Microsoft Chairman and Chief Software Architect Bill Gates, during an appearance on Friday at the US Computer History Museum, expressed no fear of Linux usurping Windows in the software industry.
Speaking to technologists, Gates touched briefly on a number of topics ranging from Linux to Web services to grid computing and digital rights management. As far as Linux goes, Microsoft has seen other potential threats to its dominance come and go, Gates stressed.
"Microsoft has had clear competitors in the past. It's a good thing we have museums to document that," said Gates, eliciting laughter from the audience at the museum. "I'm not saying, 'This computer will go away,' but OS/2 was supposed to kill us."
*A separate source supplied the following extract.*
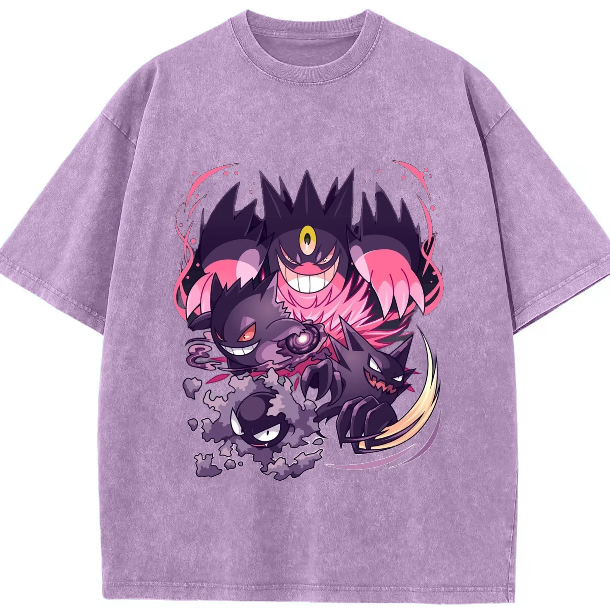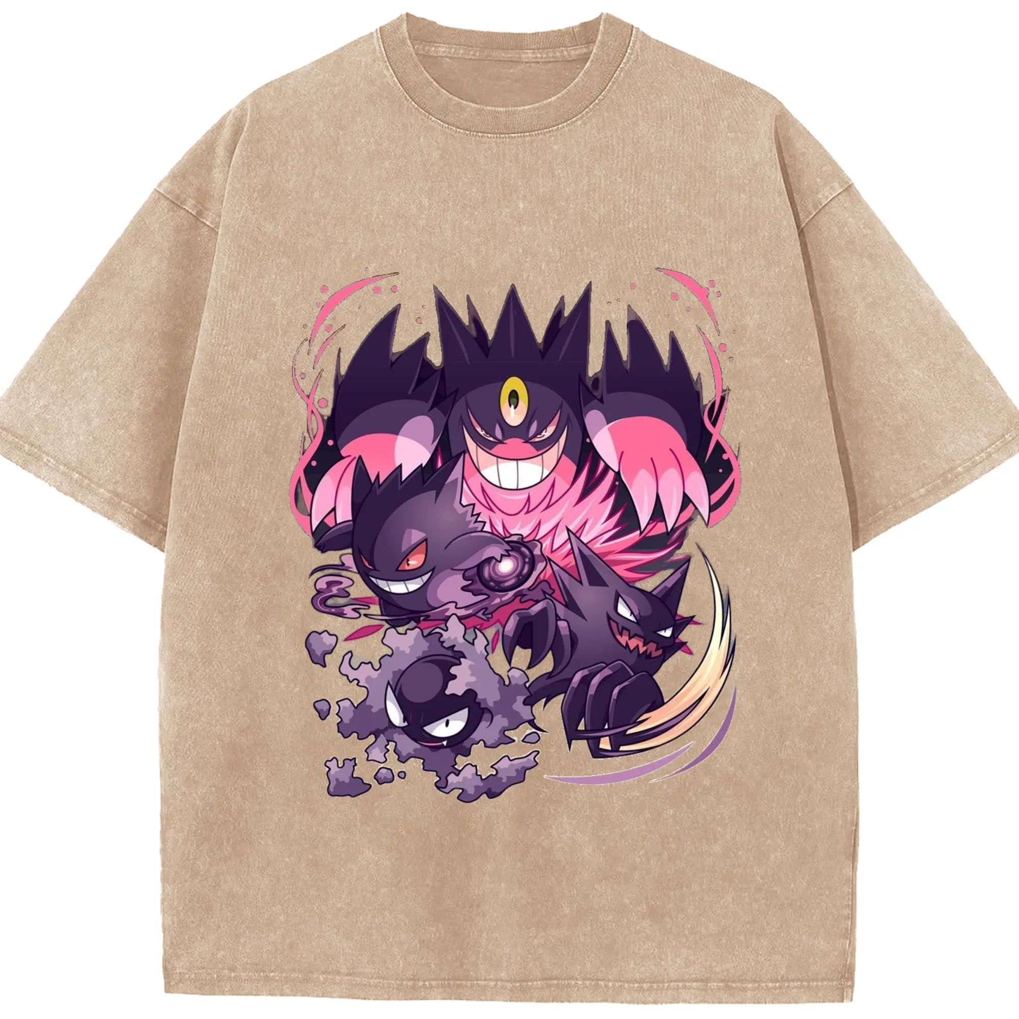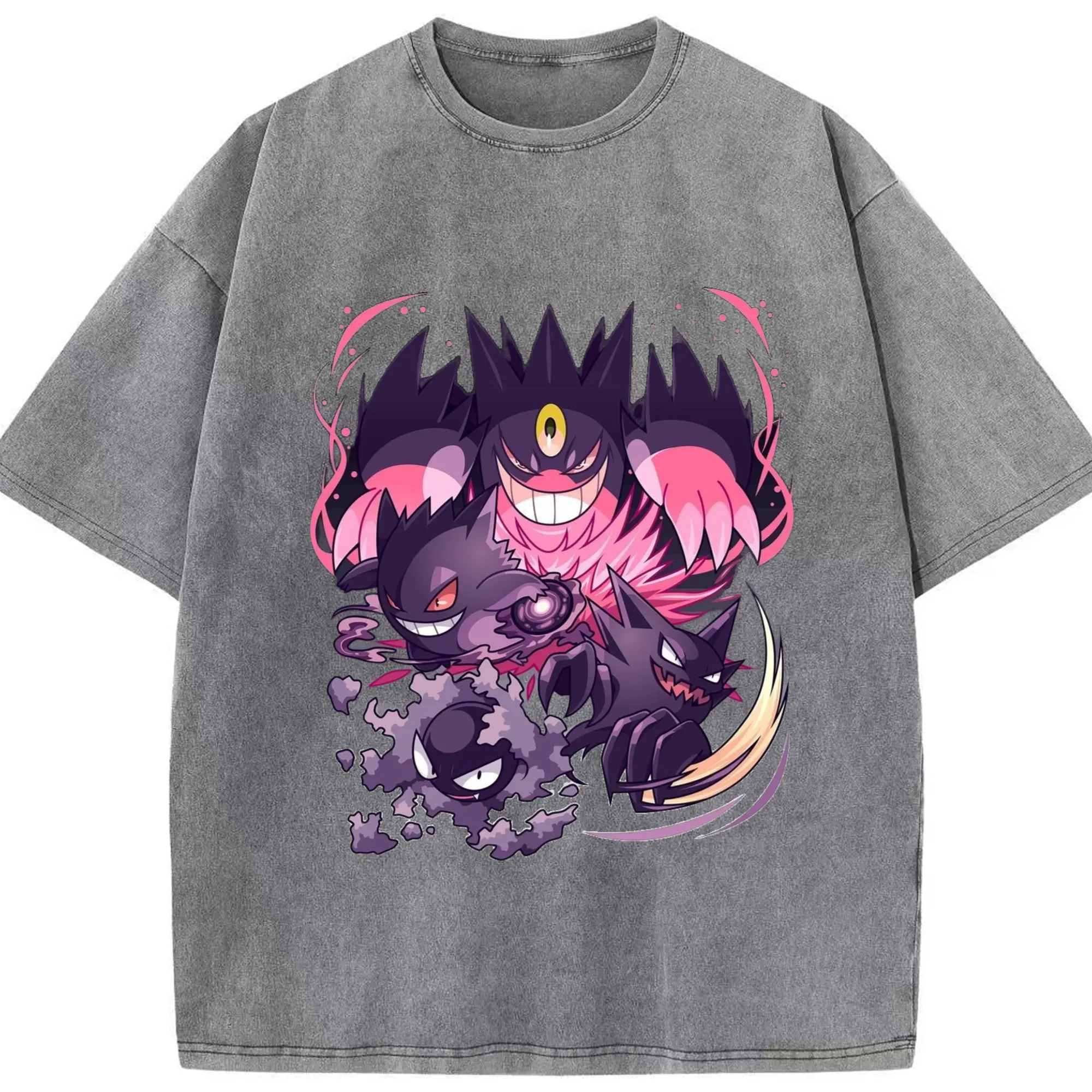 Pokemen gengar college tee - Washed Vintage Look 230g Cotton Oversized T-Shirt With Front Heat Transfer Print – Soft, Lightweight, Stylish Fit – Comfortable Casual Wear For Sports & Everyday Use

IBM Corp., with 10 times the number of employees as Microsoft, could not stop Windows with OS/2, he noted.
"The same thing was said that Novell will kill us, Borland Software will kill us, and that makes my job interesting," Gates said.
An audience member said that almost 50 percent of servers being purchased today are running Linux. But Gates disputed the figure. "It's just not a right number," Gates said. "Well over 50 percent of servers that are sold run Windows Server," he said.
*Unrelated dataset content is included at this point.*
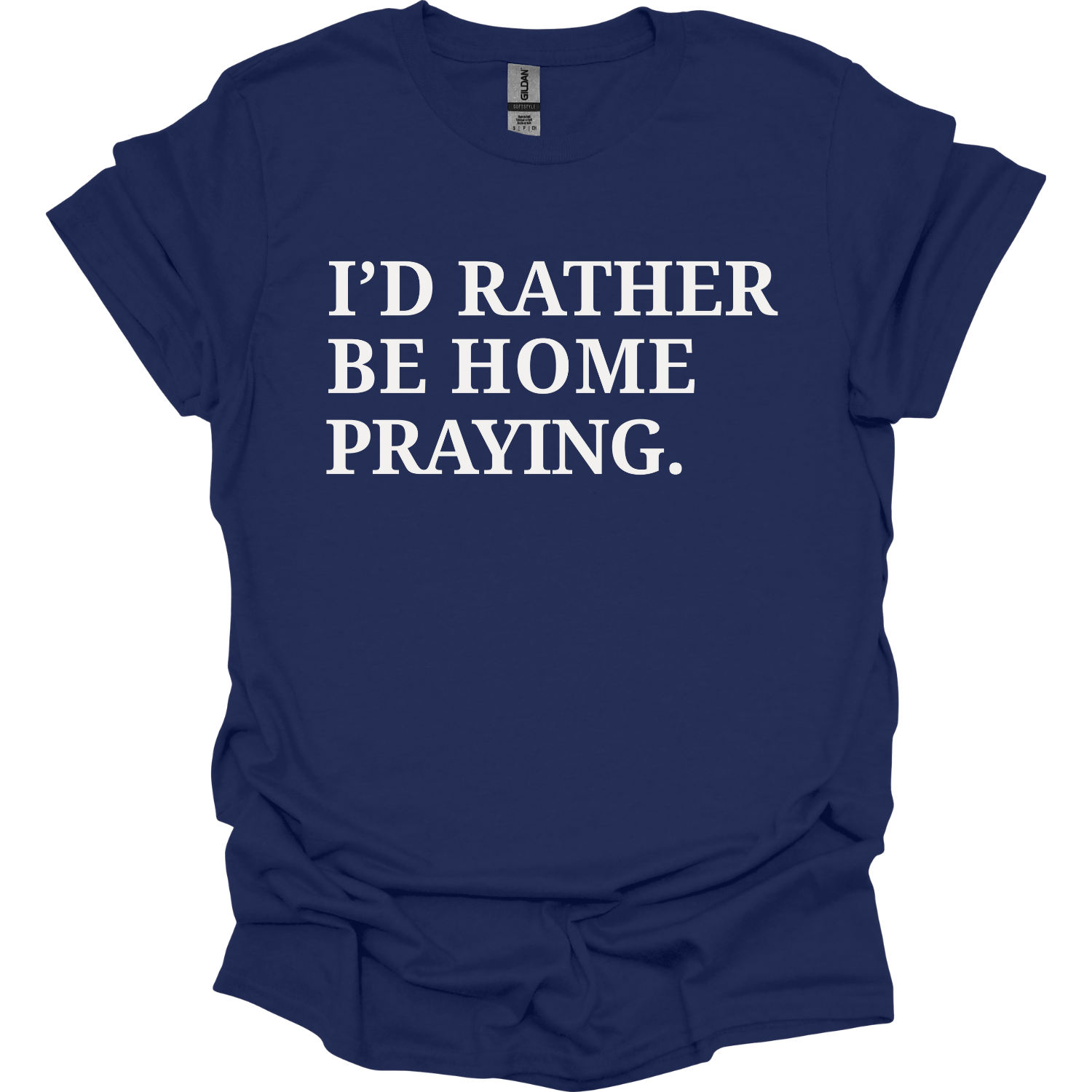 Show your faith with a playful touch wearing the "I'd Rather Be Home Praying" T-shirt.

"First, start with the facts, then proceed from there," Gates said, adding that Unix, not Windows, is being displaced by Linux.
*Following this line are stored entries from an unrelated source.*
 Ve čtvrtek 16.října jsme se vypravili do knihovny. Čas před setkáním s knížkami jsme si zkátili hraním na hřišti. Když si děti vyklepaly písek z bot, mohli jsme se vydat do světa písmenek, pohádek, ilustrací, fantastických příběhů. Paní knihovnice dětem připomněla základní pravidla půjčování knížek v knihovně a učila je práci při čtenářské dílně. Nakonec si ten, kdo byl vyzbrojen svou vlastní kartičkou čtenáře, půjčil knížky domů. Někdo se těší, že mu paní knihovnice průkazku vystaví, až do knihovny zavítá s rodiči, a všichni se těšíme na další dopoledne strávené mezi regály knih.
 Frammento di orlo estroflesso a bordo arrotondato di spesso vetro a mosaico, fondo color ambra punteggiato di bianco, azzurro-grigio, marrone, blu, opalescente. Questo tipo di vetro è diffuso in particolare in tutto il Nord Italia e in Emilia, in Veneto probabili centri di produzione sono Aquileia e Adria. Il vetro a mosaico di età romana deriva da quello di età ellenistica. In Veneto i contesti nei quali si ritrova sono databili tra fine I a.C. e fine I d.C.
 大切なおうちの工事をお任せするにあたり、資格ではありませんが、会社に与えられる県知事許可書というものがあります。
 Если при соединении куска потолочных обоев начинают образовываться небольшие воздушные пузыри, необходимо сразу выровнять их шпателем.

"We do compete with Linux. The shift of Unix share to Linux has been dramatic," he said. "(Linux will) wipe out a lot of the stuff that's been out there down to very small numbers, (based) on current trends." Windows and Linux will dominate market share, he said.
Unix, in faltering, has lacked the advantage that Windows has had in that it comes from one vendor and has one set of instructions, Gates said.
In the area of grid computing, Gates said not all situations are applicable for grid, in which data processing is shipped to a remote machine on the network. It may not be economical to ship data far away for processing, because of networking costs and latency, he said.
But grid is being done on Windows, Gates said. Microsoft is building into its Web services capabilities the notion of grid, he said. The company's Beowulf project for clustering on Windows entails grid computing, he said.
Touching on the issue of spam, Gates said this problem is diminishing, thanks to filters. "Spam is down from a factor of 10 from where it was a year ago," Gates said.
"The bad news is this malware (or malicious software) thing is so bad," he said.
Microsoft will provide a malware cure to address issues such as adware, he said.
Identity theft and phising need to be addressed through "info card" technology. Password technology, meanwhile, needs to be succeeded by smartcard or biometric technology, Gates said.
"That has to come," he said.
Gates also spoke about the issue of digital rights management, suggesting that license fees will be used at the consumer level for accessing movies and music over the Internet. "We think there will be reasonable digital rights management," Gates said.
In software licensing, markets that had been used to getting Windows for free, such as China, Korea, and Hong Kong, are now moving over to licensing. "Fifteen years ago (in these countries), you didn't buy software. Today, their compliance level is almost as good as the U.S.," Gates said.
"It comes with time. You need reasonable prices and enforcement," Gates said.
In other remarks at the event, Gates said the following:
-- Technologies that have been surprising in that they have not had wide adoption include speech recognition and ink-based computing, but these technologies will grow in use over time.
-- A lot of USB deployments will move to wireless and wideband.
-- People are getting used to high loads of e-mail, but software needs to be used more in areas such as inbox rules
-- E-voting has an inherent issue in that the voting public demands a high degree of certainty with the technology. "We ourselves are not going after the e-voting market or the nuclear reactor control market," Gates said.